What you are asked to do:
Set down only the lines from the one containing "然后找我,等待了24小时候使用谷歌接受的手机号还是不行。" through the final line of the entries below, exactly as they stand, with no pictures.

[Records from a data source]
********************
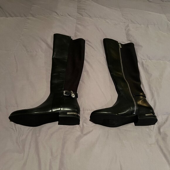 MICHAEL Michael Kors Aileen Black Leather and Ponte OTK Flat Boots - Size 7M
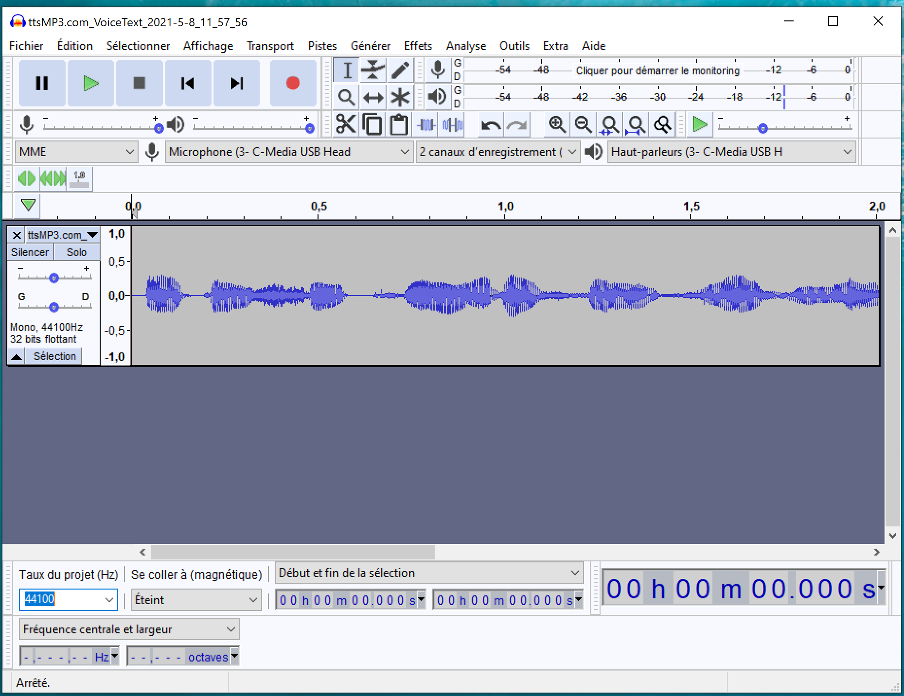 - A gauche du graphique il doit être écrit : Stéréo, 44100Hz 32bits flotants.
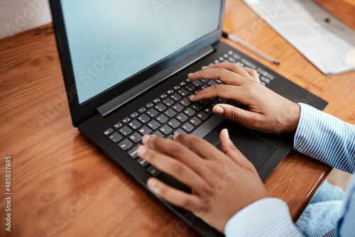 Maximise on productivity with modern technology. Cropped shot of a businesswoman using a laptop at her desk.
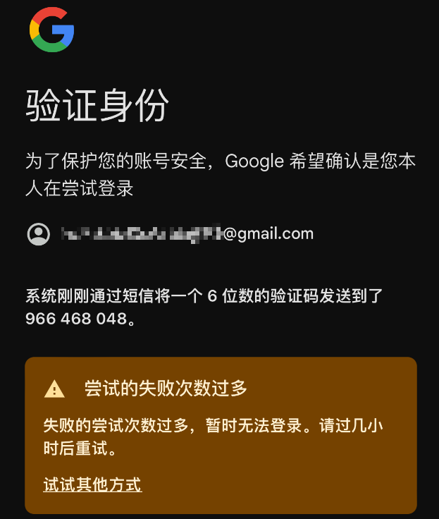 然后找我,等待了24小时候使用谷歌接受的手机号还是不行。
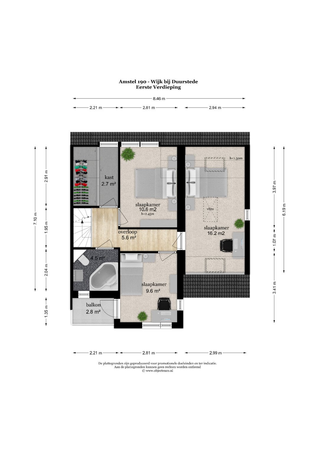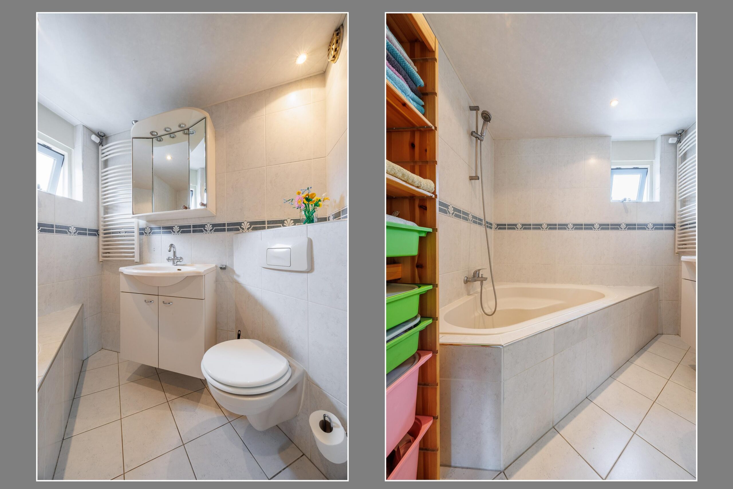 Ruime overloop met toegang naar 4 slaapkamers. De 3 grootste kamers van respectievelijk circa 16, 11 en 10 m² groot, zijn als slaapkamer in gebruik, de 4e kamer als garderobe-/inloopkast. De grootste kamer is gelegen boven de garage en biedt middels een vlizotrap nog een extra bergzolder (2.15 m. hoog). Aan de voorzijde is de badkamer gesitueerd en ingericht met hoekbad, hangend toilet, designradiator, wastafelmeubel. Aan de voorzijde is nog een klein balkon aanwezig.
********************
Result of the task:
 然后找我,等待了24小时候使用谷歌接受的手机号还是不行。
 Ruime overloop met toegang naar 4 slaapkamers. De 3 grootste kamers van respectievelijk circa 16, 11 en 10 m² groot, zijn als slaapkamer in gebruik, de 4e kamer als garderobe-/inloopkast. De grootste kamer is gelegen boven de garage en biedt middels een vlizotrap nog een extra bergzolder (2.15 m. hoog). Aan de voorzijde is de badkamer gesitueerd en ingericht met hoekbad, hangend toilet, designradiator, wastafelmeubel. Aan de voorzijde is nog een klein balkon aanwezig.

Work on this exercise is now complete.